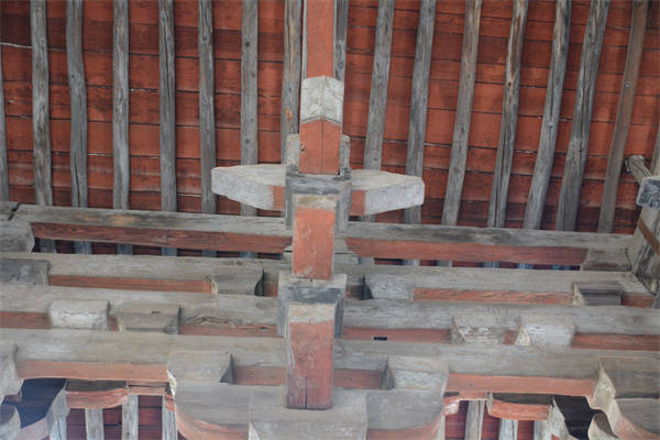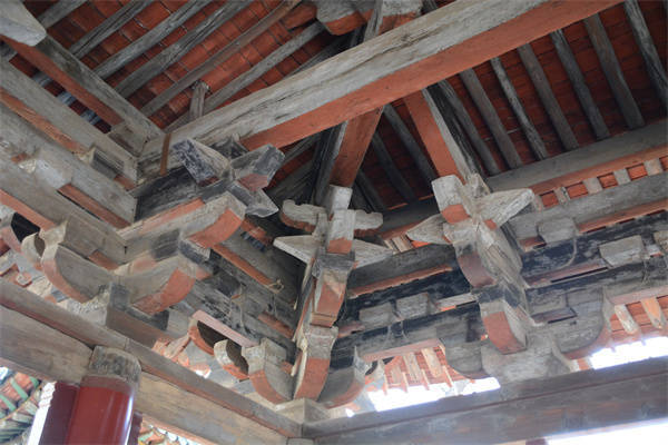 整体上看,整个大殿疏朗利落,落落大方,颇有气派,看上去既是一座庄重气势的大殿,又似一座轻巧灵动的凉亭,它是我国最早也是唯一的一座殿和亭结合的献殿。古人在建造大殿时,材料只有木头,没有使用一根钉子,完全是木头和木头卯榫而成,但是却结构严谨密实,饱经风霜而不腐,实在是古人智慧的结晶,为传世之佳作。
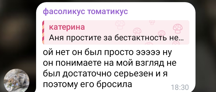 кстати знакомая отношалась с одним челом. Они трахались с пробкой в ней, она у нее и внутрь зашла лул...ну не об этом история. Как-то он показывал видео хз зачем в снятой квартире, в которой траэался с какой-то рандом тян и там она заметила ту самую анальную пробку. Случился скандал, он головой об пол билчя и плакал, умолял его простить, фу бл, он мерзкий такой нахуй, он еще нищий был из пгт, а она дсовская за их зату платила и она как-то сказала что у нее последние 500 рэ а он ей выдал "ну я всё-таки думаю нам стоит занять у твоей бабушки" как вспомню иак взрогну, при чем у нее МАКСИМАЛЬНО стейси внешность и грудь 5 размера охуенная, я просто в ахуе была, ну там беды с бошкой, ее мать хуярила все детство, короче как-то так
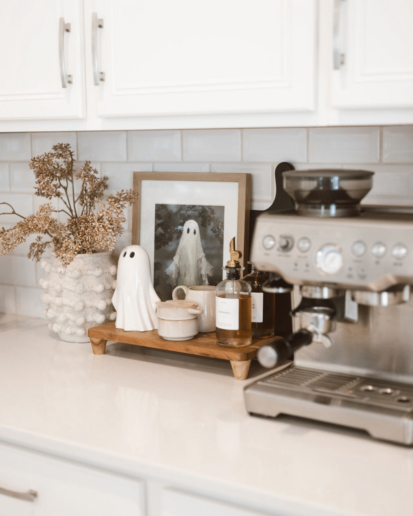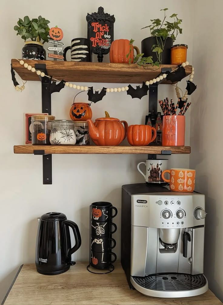Bring Halloween fun into your coffee corner with a ghost-inspired setup. Add ghost mugs, themed decorations, or playful signage to capture the spirit of the season. It’s festive, lighthearted, and sure to make your coffee ritual even more enjoyable.
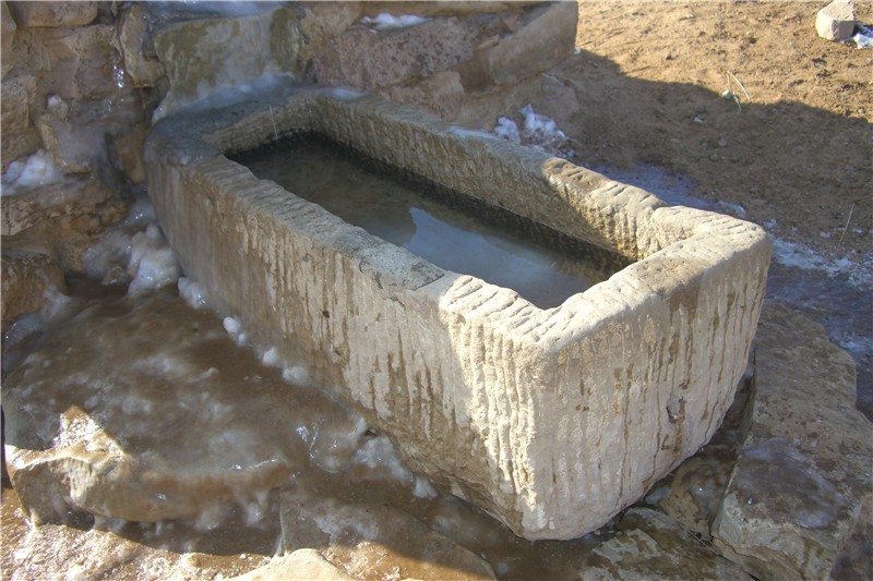 其日嘎井专用水槽,石头凿成夏不怕太阳冬不怕冰冻经久耐用。
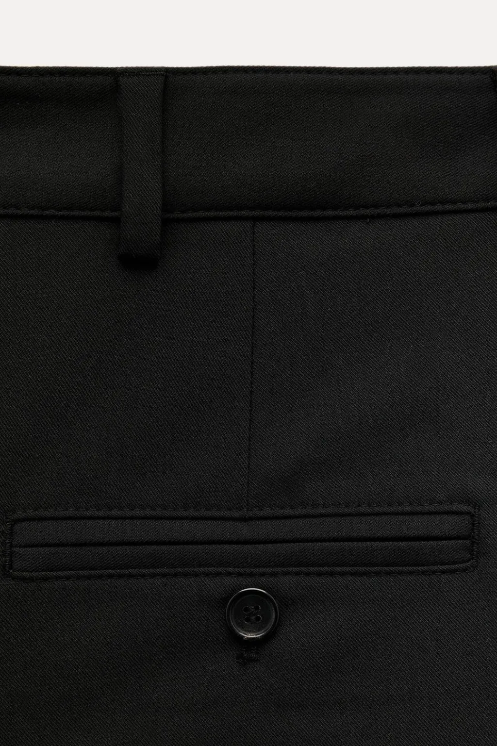 Pantalón de tiro bajo y cintura con trabillas. Bolsillos laterales y de vivo en espalda. Detalle de raya planchada en delantero. Cierre frontal con cremallera, botón y gancho metálico.
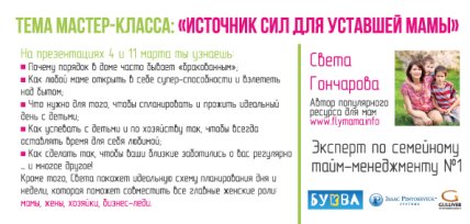 Ведущий отечественный эксперт по семейному тайм-менеджменту, бизнес-тренер и коуч Света Гончарова проведет серию открытых мастер-классов, где раскроет секрет безграничного источника сил!
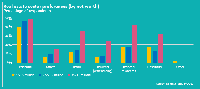 The attraction of the residential sector also rises with net worth. For instance, those with a personal value of more than US$ 10 million favour the residential sector (49%) and branded residential sector (42%) the most.
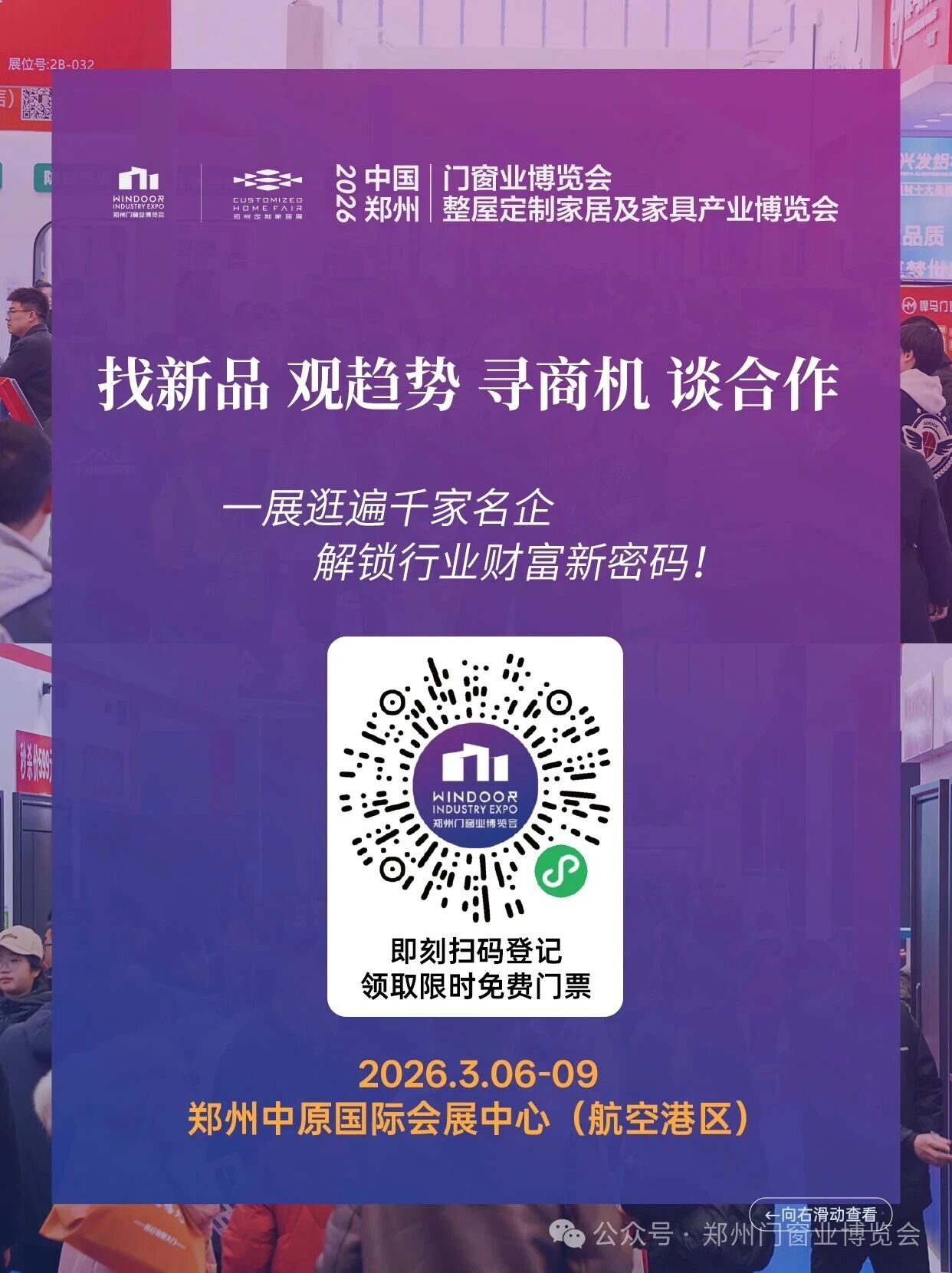 宝子们集合啦!2026家居行业开年首场王炸展会已就位 —— 中国郑州门窗业暨整屋定制家居展,这波直接把行业顶流都凑齐了!时间:2026年3月6日—9日地点:郑州中原国际会展中心(航空港区)排场直接拉满:20万㎡展览面积+3000家品牌集结+15万件新品首发+30万观众齐聚,“2026家居开年第一展” 真不是吹的各展区精准戳中需求门墙柜一体化展区:整装木门/酒柜/墙板一站式看齐,名昊、伯艺、M55木门、北美梧桐、金氏百年、林源、丽朝等品牌颜值实力双在线!金属门展区:防盗门/防火门/五金锁具全覆盖,长城、双诚、嵖岈山、欧诺梵、柱诚、九皇等大牌扎堆秀硬货!系统门窗及移门展区:断桥铝/淋浴房/移门/门窗型材全亮相,美通、美盾、欧派克、安尔堡、班铂、智宏、格茂等实力选手放大招!定制及高定展区:整木定制/高端定制/定制板材全拿捏,千年舟、莫干山、澳思柏恩、水性科天、克诺斯邦、天坛精板、路兹高定带你踩中趋势!智能制造展区:开料机/封边机/六面钻等家居生产设备云集,傲刻、极东、南兴、星辉、迪码等硬核厂商就位!不管你是找新品、探行业风向,还是谈合作拓商机 一趟逛够千家名企,采购效率直接拉满!免费领票!2026家居行业开年第一展观众预登记火热开启!
++++++++
WHAT YOU NEED TO DO
Starting at the line that contains "The attraction of", write out every line through the final line of the entries, word for word; skip any pictures.

RESPONSE FOR THIS EXERCISE
 The attraction of the residential sector also rises with net worth. For instance, those with a personal value of more than US$ 10 million favour the residential sector (49%) and branded residential sector (42%) the most.
 宝子们集合啦!2026家居行业开年首场王炸展会已就位 —— 中国郑州门窗业暨整屋定制家居展,这波直接把行业顶流都凑齐了!时间:2026年3月6日—9日地点:郑州中原国际会展中心(航空港区)排场直接拉满:20万㎡展览面积+3000家品牌集结+15万件新品首发+30万观众齐聚,“2026家居开年第一展” 真不是吹的各展区精准戳中需求门墙柜一体化展区:整装木门/酒柜/墙板一站式看齐,名昊、伯艺、M55木门、北美梧桐、金氏百年、林源、丽朝等品牌颜值实力双在线!金属门展区:防盗门/防火门/五金锁具全覆盖,长城、双诚、嵖岈山、欧诺梵、柱诚、九皇等大牌扎堆秀硬货!系统门窗及移门展区:断桥铝/淋浴房/移门/门窗型材全亮相,美通、美盾、欧派克、安尔堡、班铂、智宏、格茂等实力选手放大招!定制及高定展区:整木定制/高端定制/定制板材全拿捏,千年舟、莫干山、澳思柏恩、水性科天、克诺斯邦、天坛精板、路兹高定带你踩中趋势!智能制造展区:开料机/封边机/六面钻等家居生产设备云集,傲刻、极东、南兴、星辉、迪码等硬核厂商就位!不管你是找新品、探行业风向,还是谈合作拓商机 一趟逛够千家名企,采购效率直接拉满!免费领票!2026家居行业开年第一展观众预登记火热开启!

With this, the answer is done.